> _TASK DIRECTIONS_: Repeat the lines below exactly as written, please, from the line with "Επιτοίχια πρόσοψη με" to the line with "Animal Muppet Baby", both lines included, and no others.

Start of DATA SHOWN

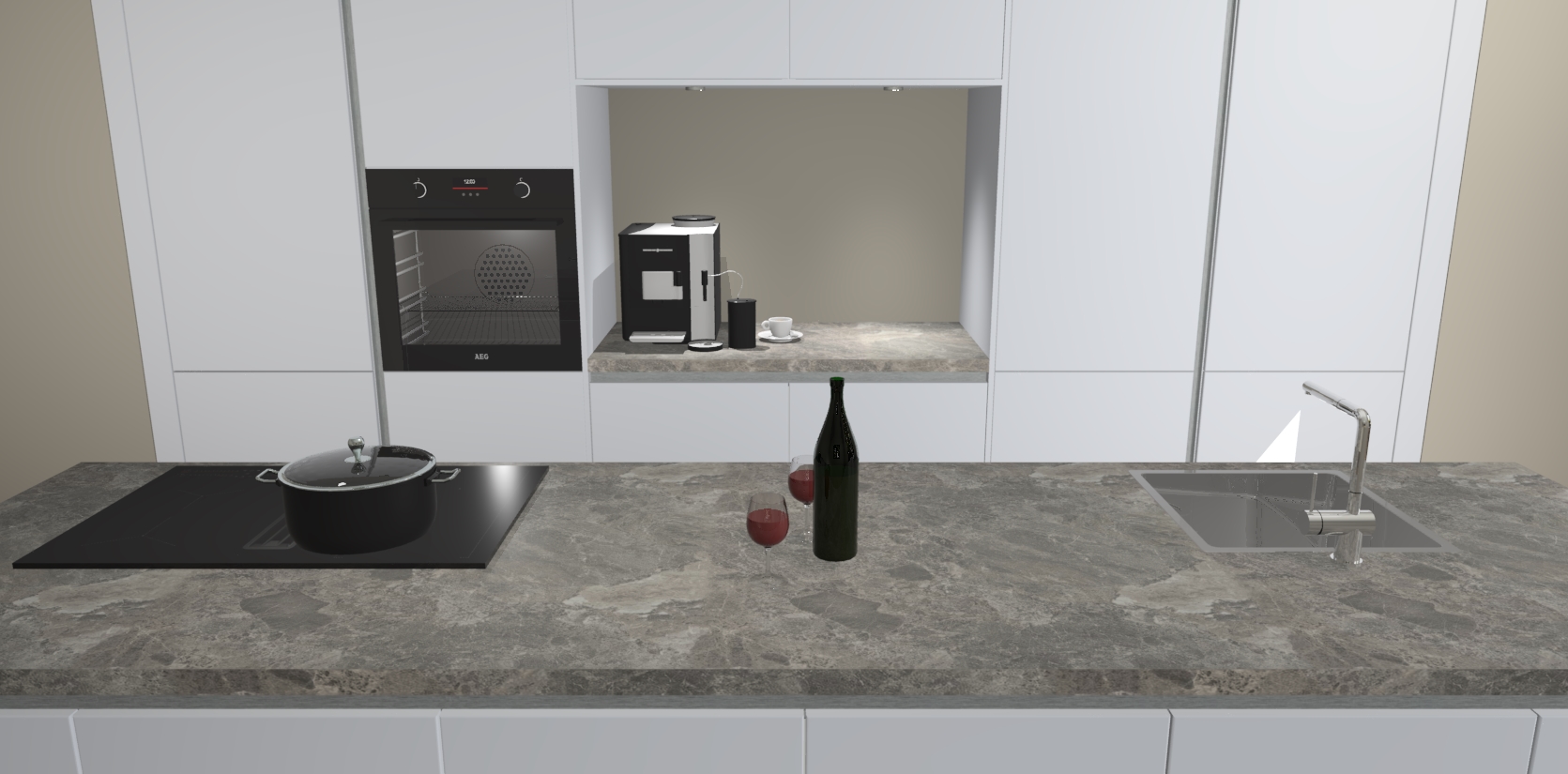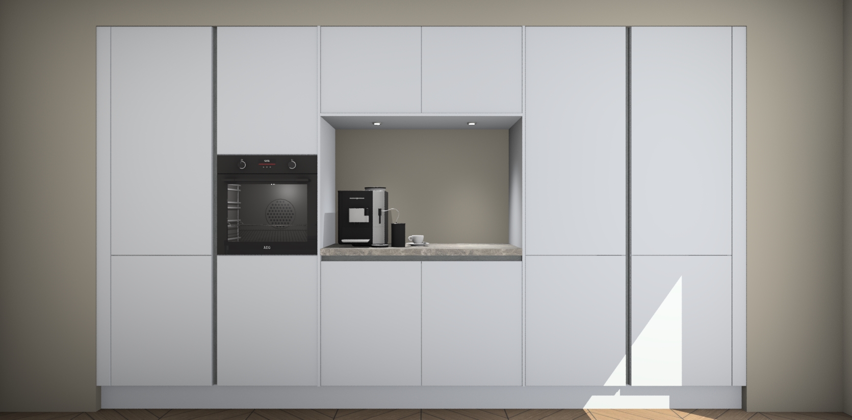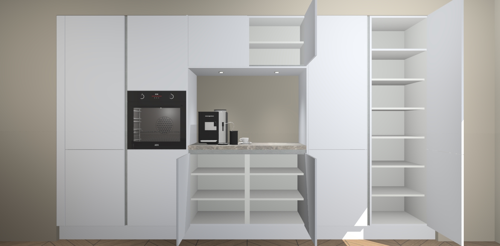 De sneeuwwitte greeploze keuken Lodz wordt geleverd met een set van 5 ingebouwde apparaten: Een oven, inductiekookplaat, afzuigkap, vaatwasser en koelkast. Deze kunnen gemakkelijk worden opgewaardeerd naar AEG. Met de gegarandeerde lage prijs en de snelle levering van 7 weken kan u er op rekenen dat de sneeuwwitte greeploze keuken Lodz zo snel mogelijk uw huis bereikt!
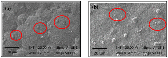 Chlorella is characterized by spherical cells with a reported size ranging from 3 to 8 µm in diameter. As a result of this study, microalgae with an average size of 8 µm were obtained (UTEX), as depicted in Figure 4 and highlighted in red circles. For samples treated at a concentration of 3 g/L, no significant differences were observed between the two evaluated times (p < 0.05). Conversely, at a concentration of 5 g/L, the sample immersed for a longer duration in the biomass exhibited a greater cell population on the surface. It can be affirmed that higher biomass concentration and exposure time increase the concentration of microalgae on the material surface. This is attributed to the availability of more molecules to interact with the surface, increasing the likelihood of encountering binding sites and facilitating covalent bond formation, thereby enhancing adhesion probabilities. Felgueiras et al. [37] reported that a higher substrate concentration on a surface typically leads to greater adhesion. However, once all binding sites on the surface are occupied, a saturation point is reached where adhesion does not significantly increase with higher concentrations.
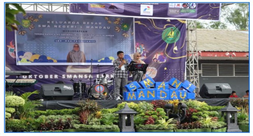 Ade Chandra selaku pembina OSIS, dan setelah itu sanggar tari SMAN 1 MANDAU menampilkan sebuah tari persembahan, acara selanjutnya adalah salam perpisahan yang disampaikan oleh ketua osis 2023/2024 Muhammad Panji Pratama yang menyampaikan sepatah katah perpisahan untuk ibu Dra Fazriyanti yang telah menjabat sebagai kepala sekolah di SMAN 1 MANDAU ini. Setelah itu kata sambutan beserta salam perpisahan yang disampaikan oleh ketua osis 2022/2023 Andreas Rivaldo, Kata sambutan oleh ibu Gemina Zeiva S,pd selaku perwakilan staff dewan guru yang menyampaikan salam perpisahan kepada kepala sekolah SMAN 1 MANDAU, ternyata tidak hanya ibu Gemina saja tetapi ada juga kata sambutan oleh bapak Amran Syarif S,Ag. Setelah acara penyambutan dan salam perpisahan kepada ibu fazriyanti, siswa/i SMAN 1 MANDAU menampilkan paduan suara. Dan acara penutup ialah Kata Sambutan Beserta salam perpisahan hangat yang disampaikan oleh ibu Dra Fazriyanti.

End of DATA SHOWN
Start of DATA SHOWN

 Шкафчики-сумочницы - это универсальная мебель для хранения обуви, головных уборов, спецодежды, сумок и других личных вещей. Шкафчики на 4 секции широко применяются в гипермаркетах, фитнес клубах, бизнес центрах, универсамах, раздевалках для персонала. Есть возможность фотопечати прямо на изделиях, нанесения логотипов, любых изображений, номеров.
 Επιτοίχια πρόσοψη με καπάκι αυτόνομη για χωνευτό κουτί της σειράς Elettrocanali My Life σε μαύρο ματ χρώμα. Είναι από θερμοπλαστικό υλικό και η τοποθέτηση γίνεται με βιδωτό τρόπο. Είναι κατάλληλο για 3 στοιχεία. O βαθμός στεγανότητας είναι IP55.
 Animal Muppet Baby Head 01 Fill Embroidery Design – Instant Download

End of DATA SHOWN

> _EXERCISE RESULT_:
 Επιτοίχια πρόσοψη με καπάκι αυτόνομη για χωνευτό κουτί της σειράς Elettrocanali My Life σε μαύρο ματ χρώμα. Είναι από θερμοπλαστικό υλικό και η τοποθέτηση γίνεται με βιδωτό τρόπο. Είναι κατάλληλο για 3 στοιχεία. O βαθμός στεγανότητας είναι IP55.
 Animal Muppet Baby Head 01 Fill Embroidery Design – Instant Download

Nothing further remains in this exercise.